** Exercise **
Leave out the pictures and return every entry exactly as it appears.

** Listed entries **

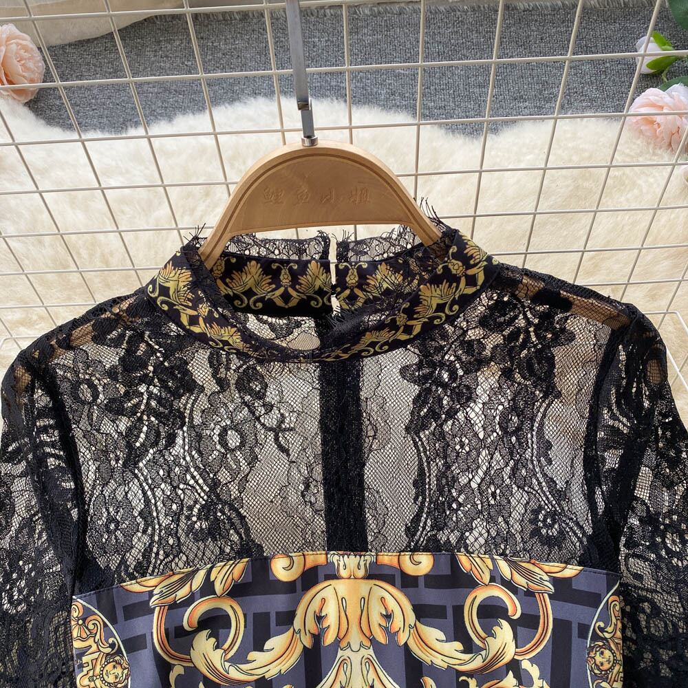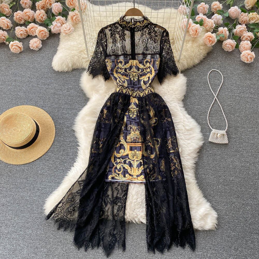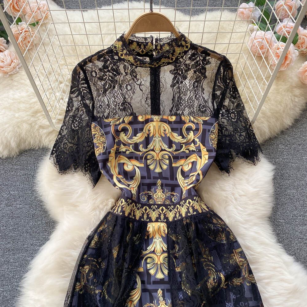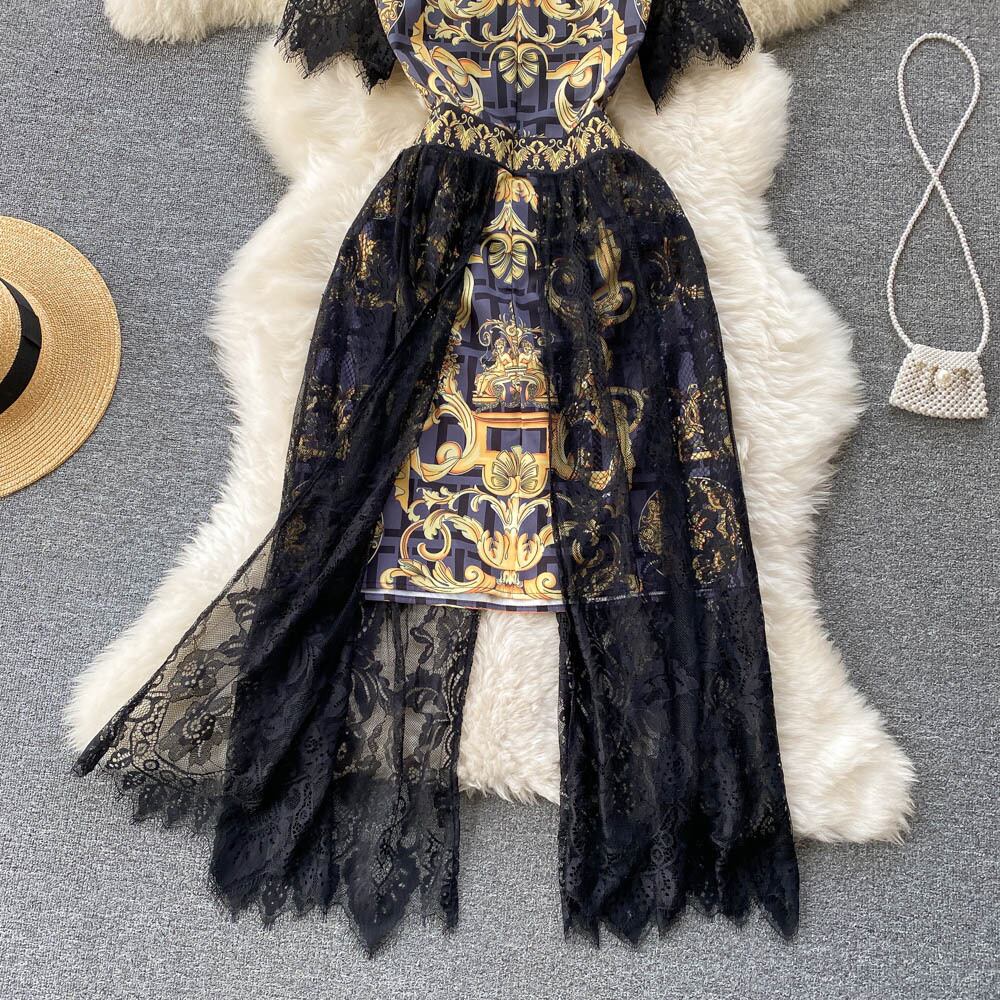 2022 spring and summer new retro print over the knee high-quality slim skirt short-sleeved waist lace stitching dress ニーハイ レトロ レース スプリング 春物 サマー 夏物 スカート スリム ステッチ lyxaj20260009646
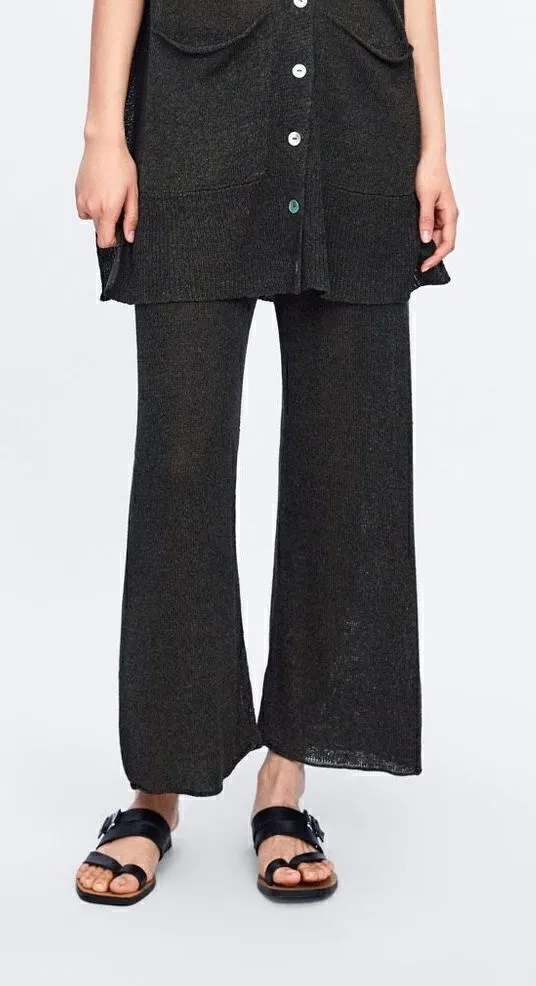 EUC Charcoal gray color Slightly sheer Elastic waist Medium Waist: 30” Inseam: 23”
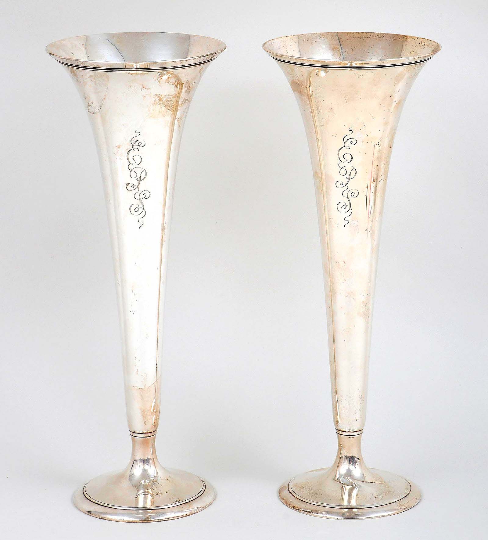 A pair of sterling silver trumpet vases by Tiffany & Company made circa 1907-47 were the front runners for the silver category, earning a polished $5,002 against a $1/2,000 estimate. The body of each 17-inch-tall vase was engraved with script monograms and marked on its underside. Fewer than 10 additional Tiffany lots were offered, but every one sold, ranging in price from $688 for a set of four Makers sterling silver columnar form candlesticks, to $2,000 for a four-piece coffee set in a scrolled silver pattern which included a coffee pot, a covered sugar pot, a creamer and an oval tray.
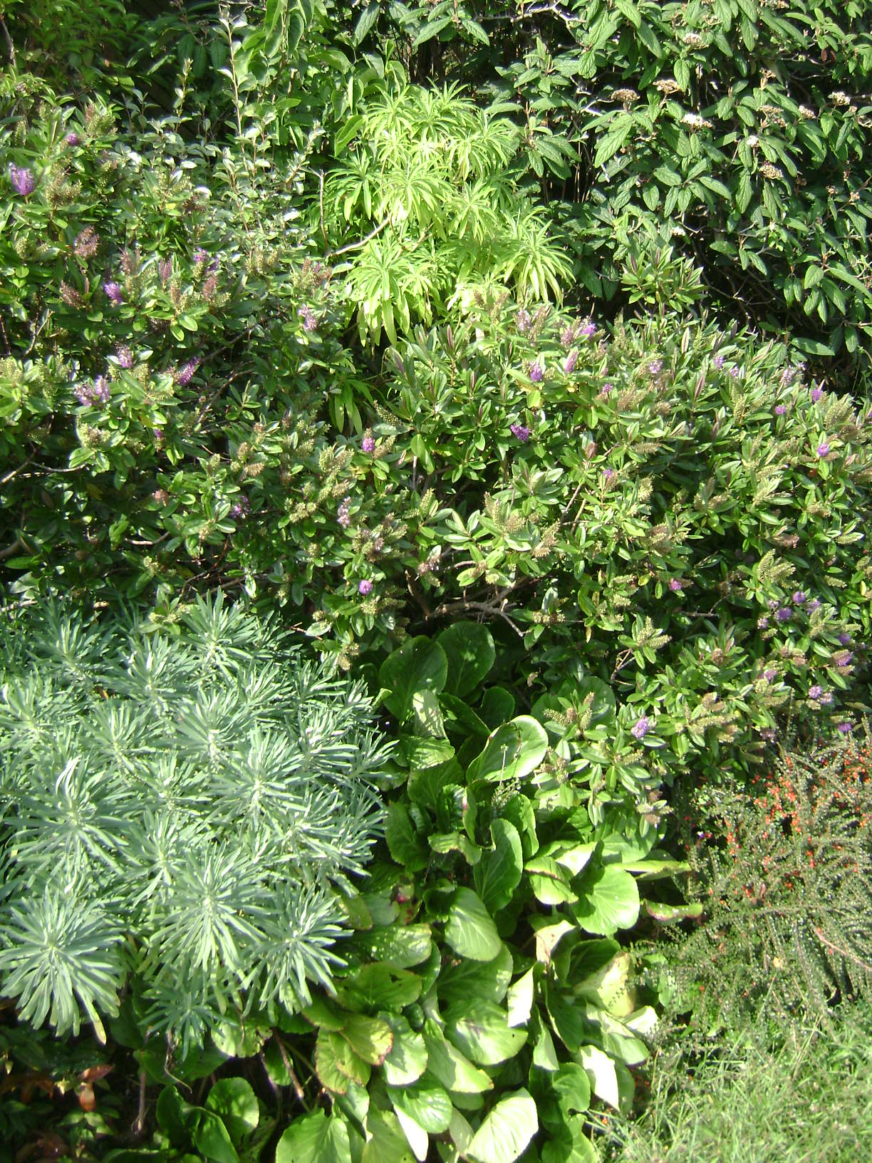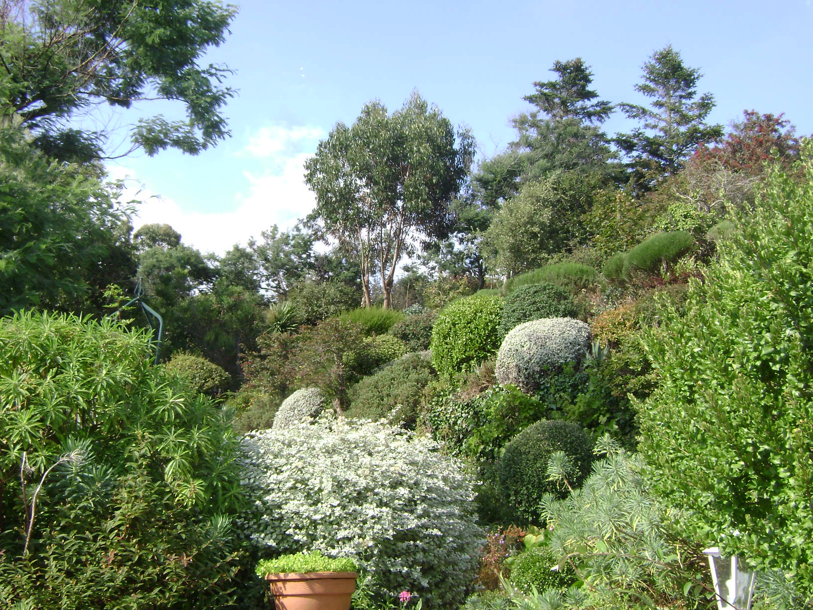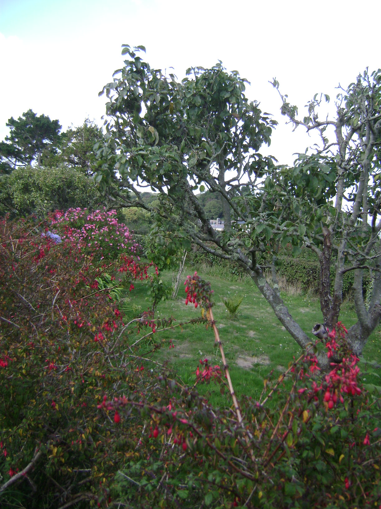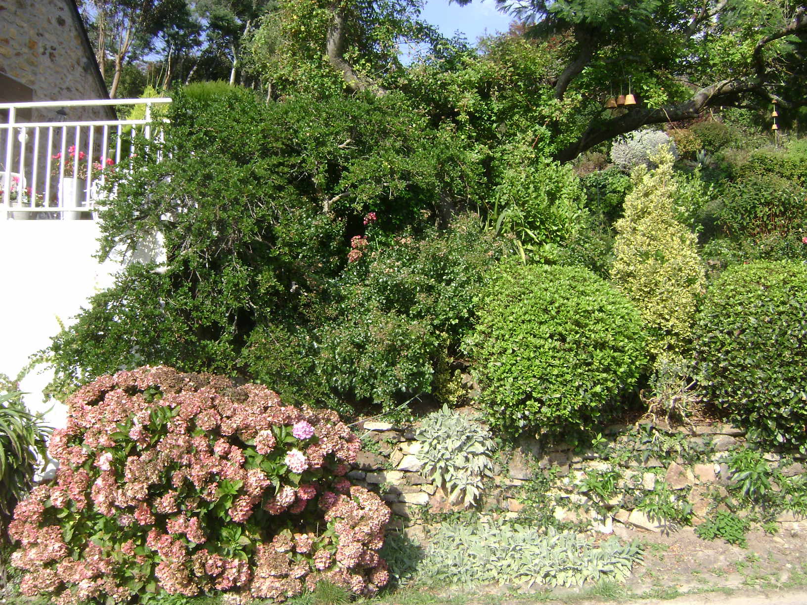 If I had visited this garden somewhere in the countryside, I would merely have thought it was a pretty garden like many others. What makes this one truly exceptional is its location on the coast of Roscanvel in Bittany. It is on a narrow stretch of land overlooking the ocean and the edge of the garden plunges straight down below to the water.
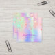 A trendy holographic, iridescent background with unicorn colors and rainbow colors in pink, purple, rose gold, mint green. Decorated with falling,dripping stars. Personalize and add your name, title, phone number, mail and website adsress. Purple letters.
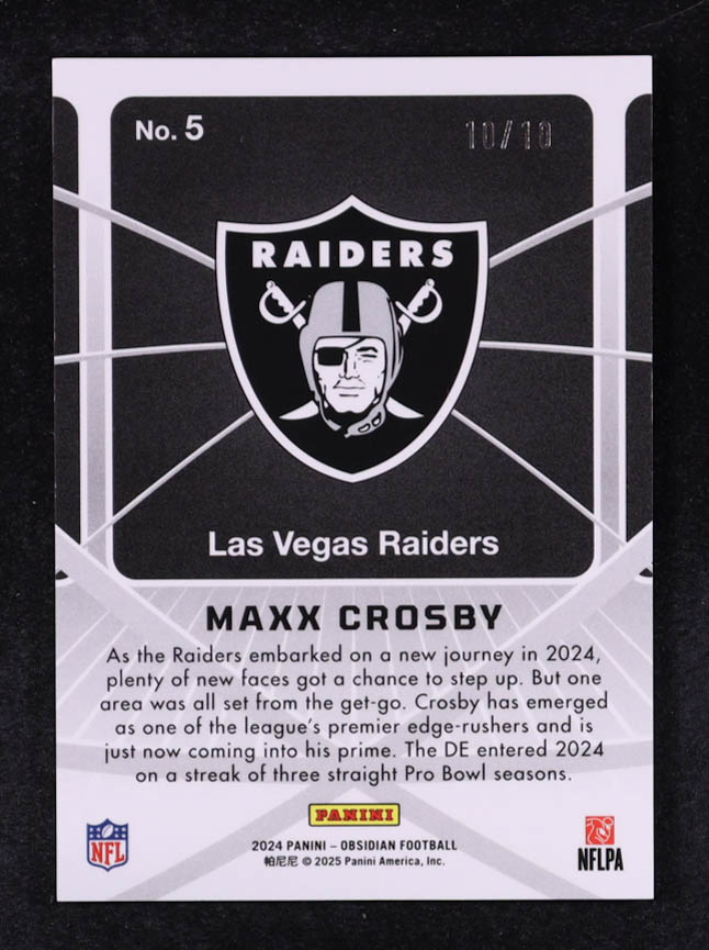 Maxx Crosby 2024 Panini Obsidian Atomic Intials Gold #5 #10/10
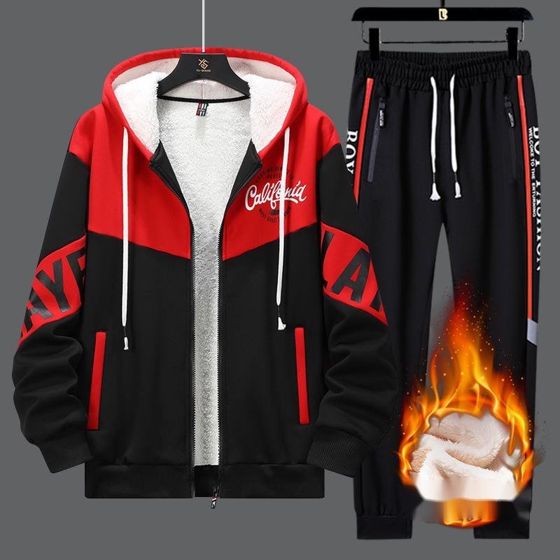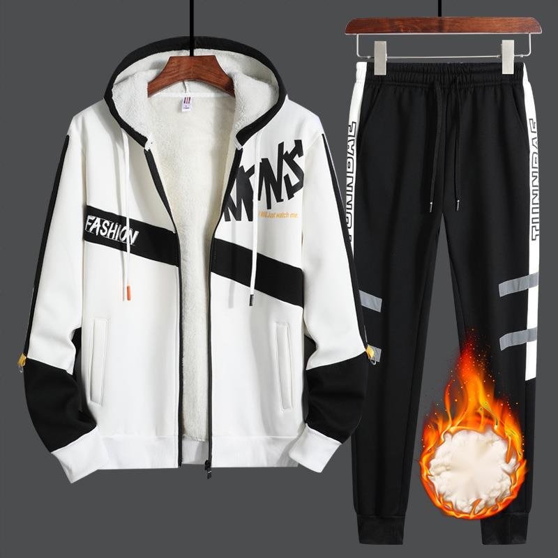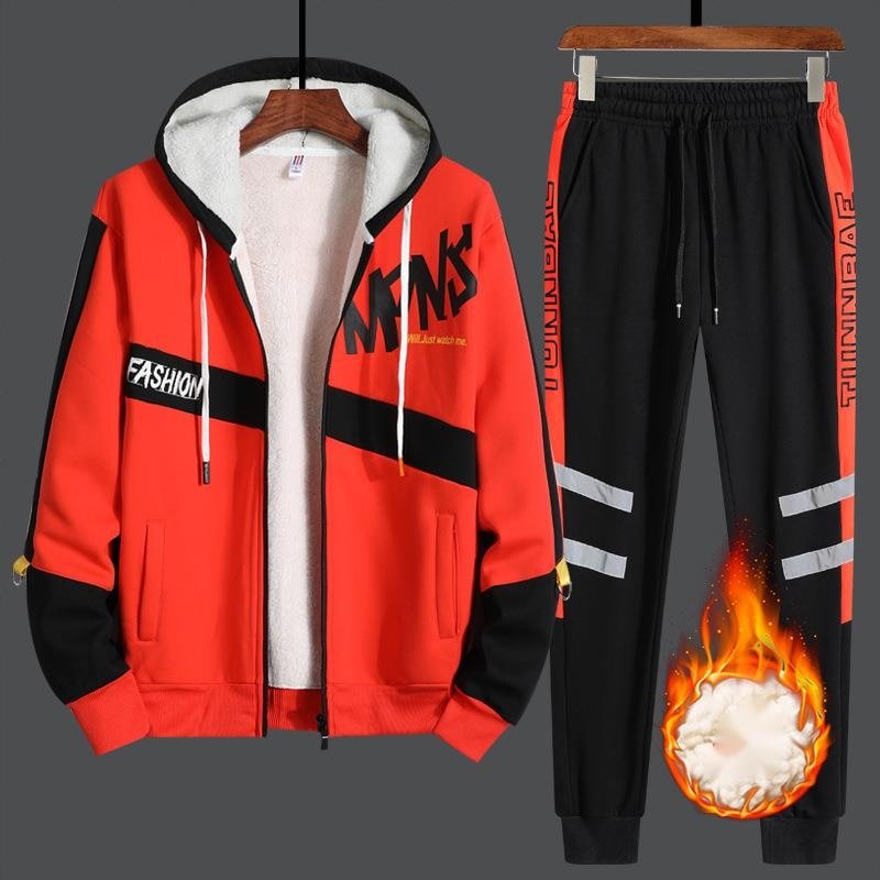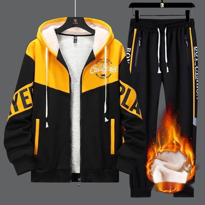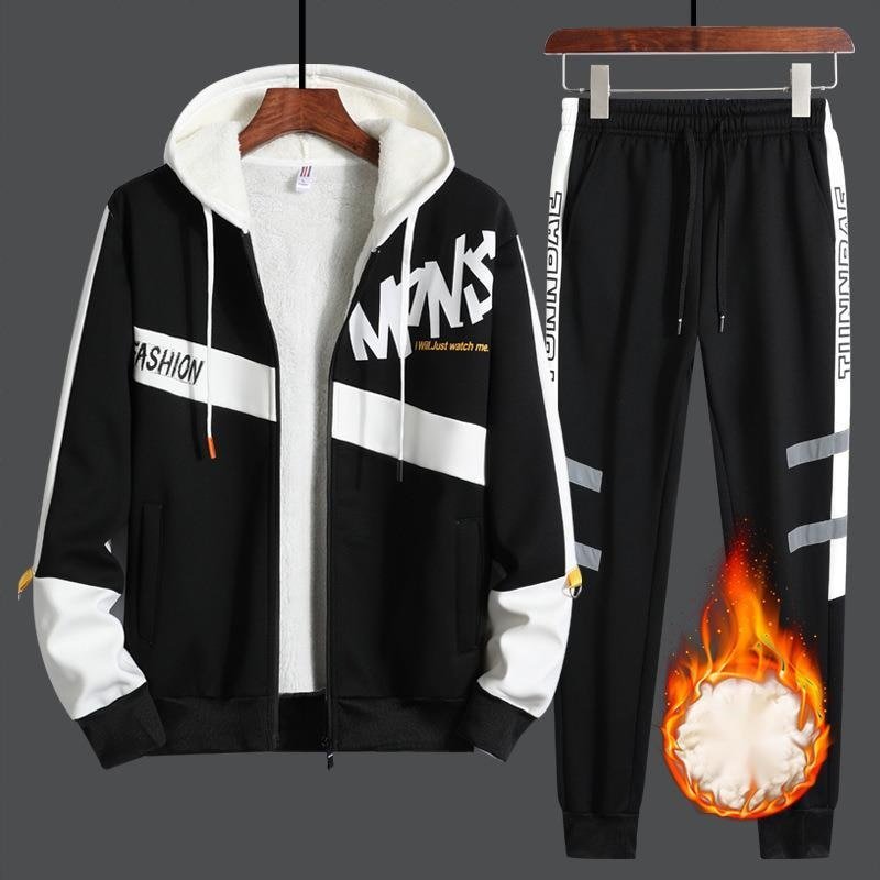 Men Patchwork Printing Winter Fleece Warm Tracksuits 2 Pc Sweat Suits Mens Sweatshirts Sweatpants Sets Husband Clothing

** Result of the task **
 2022 spring and summer new retro print over the knee high-quality slim skirt short-sleeved waist lace stitching dress ニーハイ レトロ レース スプリング 春物 サマー 夏物 スカート スリム ステッチ lyxaj20260009646
 EUC Charcoal gray color Slightly sheer Elastic waist Medium Waist: 30” Inseam: 23”
 A pair of sterling silver trumpet vases by Tiffany & Company made circa 1907-47 were the front runners for the silver category, earning a polished $5,002 against a $1/2,000 estimate. The body of each 17-inch-tall vase was engraved with script monograms and marked on its underside. Fewer than 10 additional Tiffany lots were offered, but every one sold, ranging in price from $688 for a set of four Makers sterling silver columnar form candlesticks, to $2,000 for a four-piece coffee set in a scrolled silver pattern which included a coffee pot, a covered sugar pot, a creamer and an oval tray.
 If I had visited this garden somewhere in the countryside, I would merely have thought it was a pretty garden like many others. What makes this one truly exceptional is its location on the coast of Roscanvel in Bittany. It is on a narrow stretch of land overlooking the ocean and the edge of the garden plunges straight down below to the water.
 A trendy holographic, iridescent background with unicorn colors and rainbow colors in pink, purple, rose gold, mint green. Decorated with falling,dripping stars. Personalize and add your name, title, phone number, mail and website adsress. Purple letters.
 Maxx Crosby 2024 Panini Obsidian Atomic Intials Gold #5 #10/10
 Men Patchwork Printing Winter Fleece Warm Tracksuits 2 Pc Sweat Suits Mens Sweatshirts Sweatpants Sets Husband Clothing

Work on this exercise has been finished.